Oxford Mathematician Harald Oberhauser talks about some of his recent research that combines insights from stochastic analysis with machine learning:
"Consider the following scenario: as part of a medical trial a group of $2n$ patients wears a device that records the activity of their hearts - e.g. an electrocardiogram that continuously records the electrical activity of their hearts - for a given time period $[0,T]$. For simplicity, assume measurements are taken in continuous time, hence we get for each patient a continuous path $x=(x(t))_{t \in [0,T]}$, that is an element $x \in C([0,T],\mathbb{R})$, that shows their heart activity for any moment in the time period $[0,T]$. Additionally, the patients are broken up into two subgroups - $n$ patients that take medication and the remaining $n$ patients that form a placebo group that does not take medication. Can one determine a statistically significant difference in the heart activity patterns between these groups based on our measurements?

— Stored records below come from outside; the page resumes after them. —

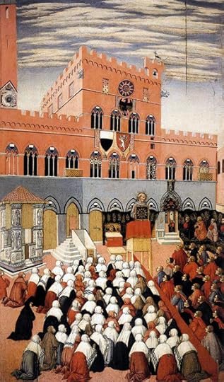 Saint Bernardino(1380-1444) preaching in Siena before the Palazzo Publico. Notice the clock on the left hand tower. The painting is by Sano di Pietro (1406-1481)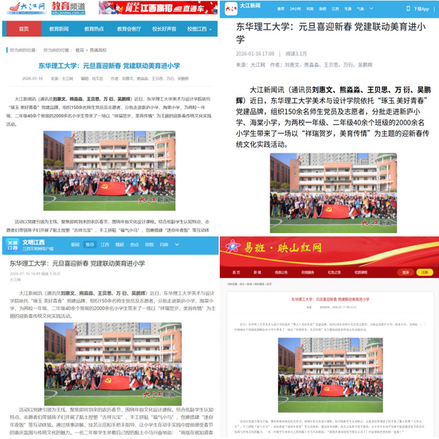 编者按:近日,东华理工大学美术与设计学院依托“琢玉·美好青春”党建品牌,组织150余名师生党员及志愿者,分批走进新庐小学、海棠小学,为学生带来迎新春传统文化实践活动。大江网、大江新闻、文明江西、映山红网等主流媒体对此进行报道,引发社会广泛关注。现将原文转载如下: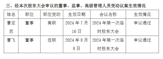 華豐種業發公告稱,公司第三屆董事會第九次會議于2024年8月8日審議并通過:任命曹飛為公司董事長,任職期限自2024年8月8日起至第三屆董事會屆滿之日止,自2024年8月8日起生效。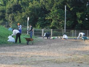 PTA学校美化ボランティア 8月27日 Posted on 2017/08/29by 3nenカテゴリー:全校 早朝から校舎内の掃除や校庭の環境整備にご協力いただき、ありがとうございました。 朝の空気が、だいぶ涼しくなり、夏の終わりを感じるようになってきました。 第2学期のスタートまで、残り一週間です。 9月1日に元気な姿で、全校児童84名が登校できるとよいですね。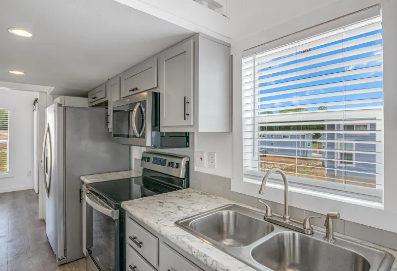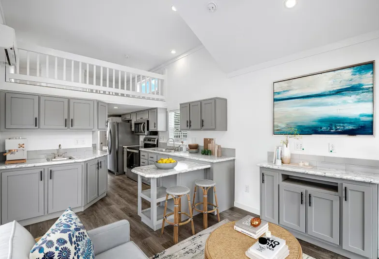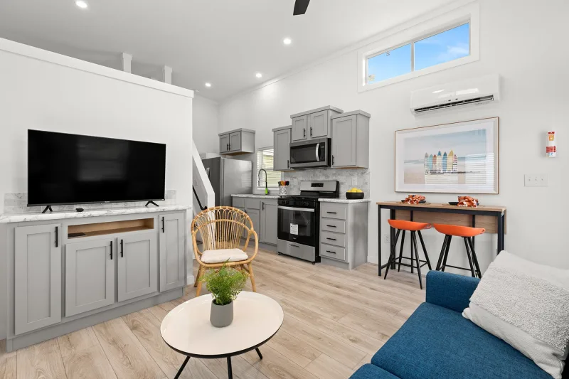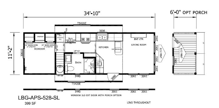 The Champion Park Model 528L offers a cozy and functional living space, perfect for those seeking a charming, compact home. This 399 sq. ft. model features an inviting open floor plan with a spacious living area that seamlessly connects to a well-appointed kitchen, complete with modern appliances and ample cabinetry. The home includes a cozy bedroom, a full bath, and a beautiful front porch, perfect for enjoying the outdoors. With its thoughtfully designed layout and stylish finishes, the Park Model 528L is ideal for seasonal living, weekend getaways, or even as a guest house.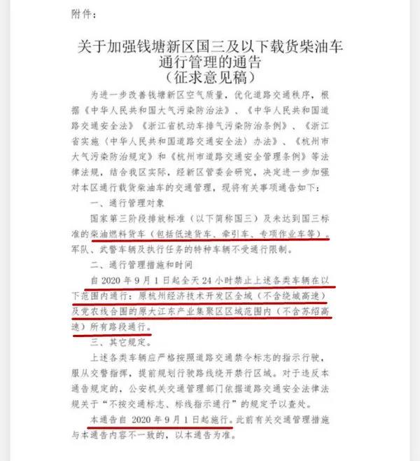 近日,浙江杭州市生態(tài)環(huán)境局錢塘新區(qū)分局決定對國三及以下柴油貨車采取限制通行區(qū)域和通行時間的交通管制措施。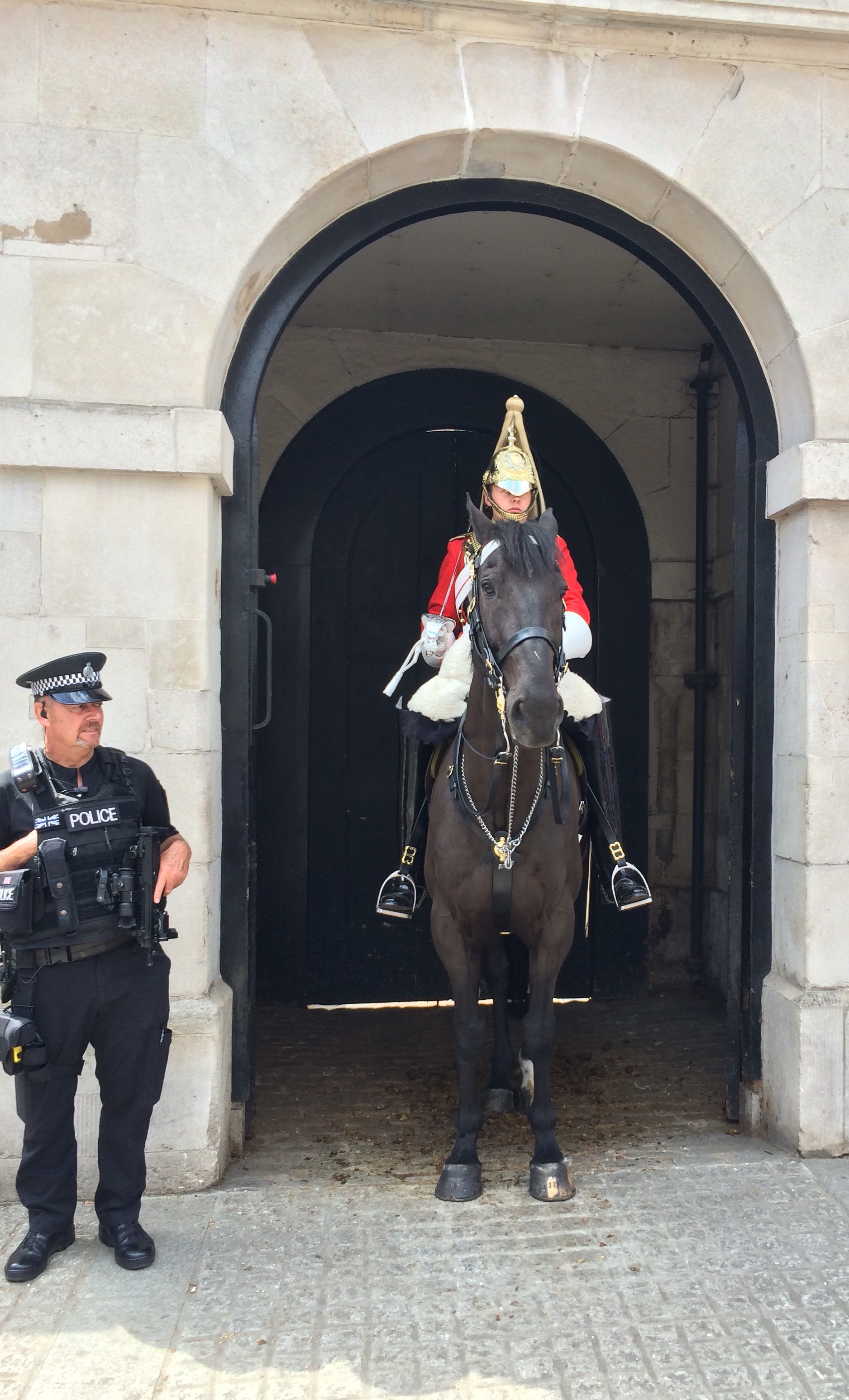Most boring job ever? Both man and horse – well practised in the art of sitting/standing perfectly still.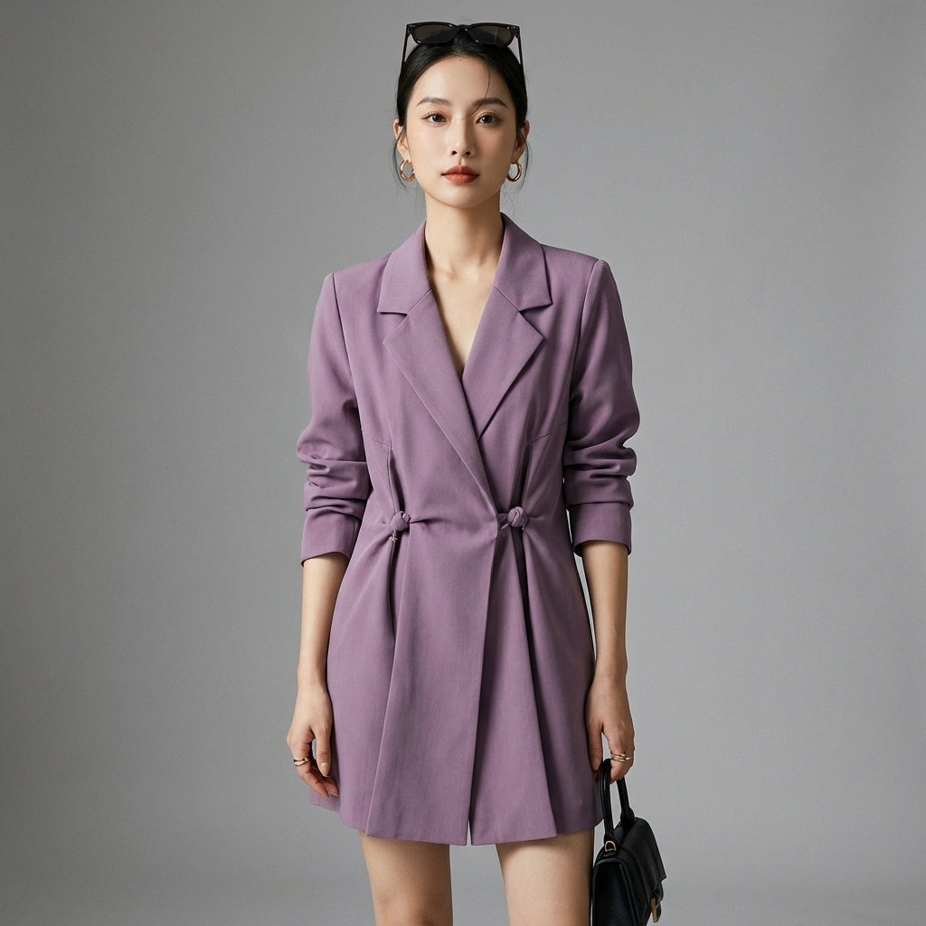 - Estilo: Minimalista, Urbano, K-fashion. Este blazer encarna la elegancia moderna con un toque de desenfado, perfecto para un estilo coreano refinado.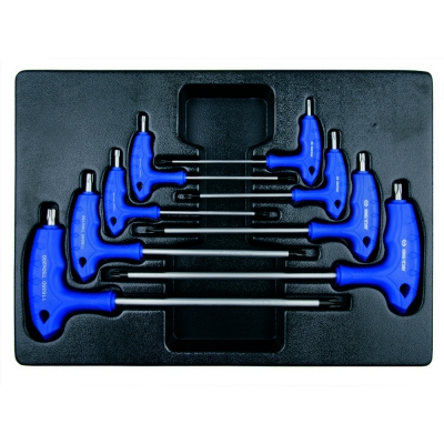 Набор L-образных ключей с профилем TORX из 8 предметов. Предназначен для комплектования инструментальной тележки. Инструменты наделены эргономичной рукоятью для удобства работы. Изготовлены из легированной стали методом высокотемпературной обработки. Возможно применение в автосервисах и мастерских.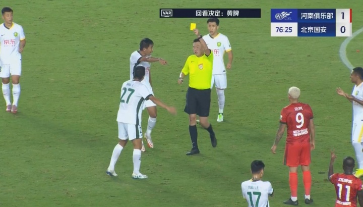 王刚无球状态下击打卡多索面部,主裁判看过VAR后处以黄牌警告 xiaoqiao 2026-01-26 德甲 29 0 09月12日讯 中超第24轮,河南vs国安。比赛第77分钟,王刚无球状态下击打卡多索面部,主裁判看过VAR后对其处以黄牌警告。
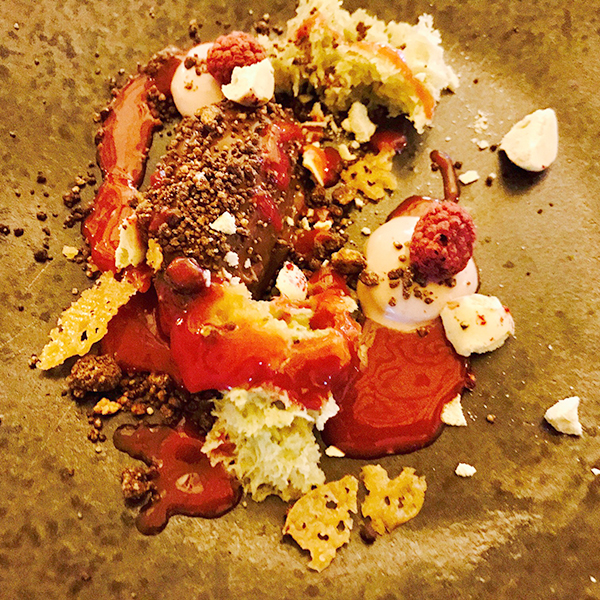 desert, ponovno malo remekdjelo vizualne prezentacije. primjereni kraj večere, čokolada, maline u više agregatnih stanja, spužvice….i na kraju još i jedan mali macaron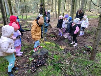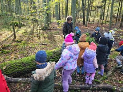 Wyjątkowe zajęcia w plenerze były dla dzieci bardzo atrakcyjną i rozwijającą formą edukacyjną. Spacer stał sie prawdziwą leśną przygodą, pełną radości i odkrywania tajemnic przyrody.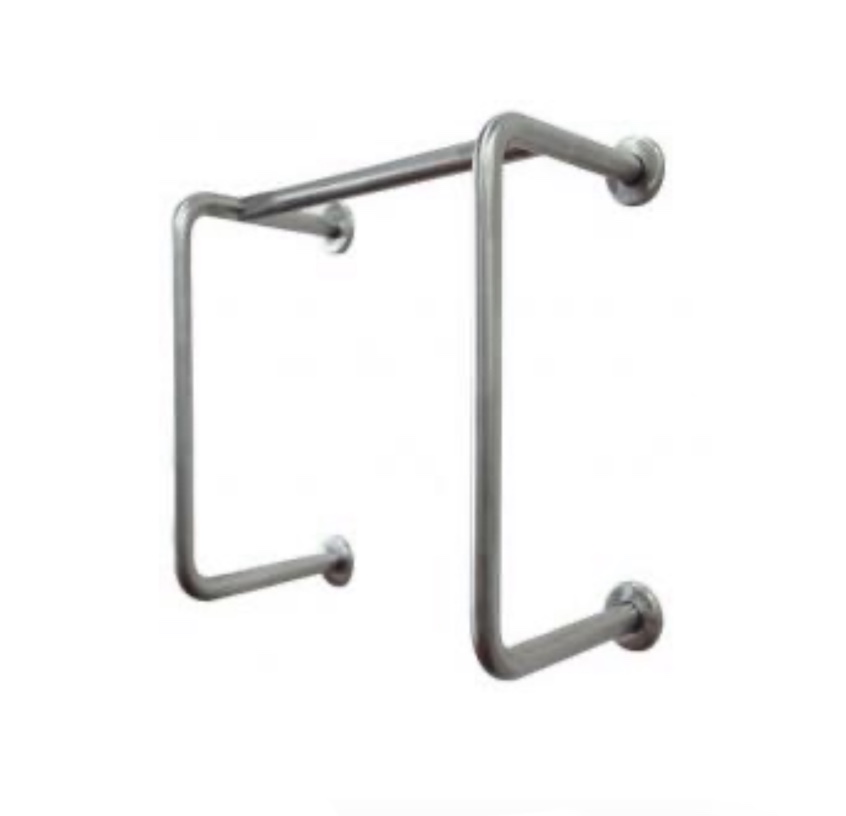 Barra para minusválidos para mingitorio a 90° de 0.50x0.50m fabricada en tubo redondo de 1- 1/2 In con codos en extremos y 4 chapetas decorativas para anclaje a pared. Precio no incluye instalación.

The above example can be seen as learning about the law of a stochastic process. A stochastic process is simply a random variable $X=(X_t)_{t \in [0,T]}$ that takes values in the space of paths $C([0,T],\mathbb{R})$ and the law $\mu$ of $X$ is a probability measure that assigns a probability to the possible observed paths. The above example amounts to drawing $n$ samples from a path-valued random variable $X$ with unknown law $\mu$ (the medicated group) and $n$ samples from a path-valued random variable $Y$ with unknown law $\nu$ (the placebo group). Our question about a difference between these groups amounts to asking whether $\mu\neq\nu$. Finally, note that this example was very simple, and in typical applications we measure much more than just one quantity over time. Hence, we discuss below the general case of $C([0,T],\mathbb{R}^e)$-valued random variables for any $e \ge 1$ ($e$ can be very large, e.g.~$e\approx 10^3$ appears in standard benchmark data sets).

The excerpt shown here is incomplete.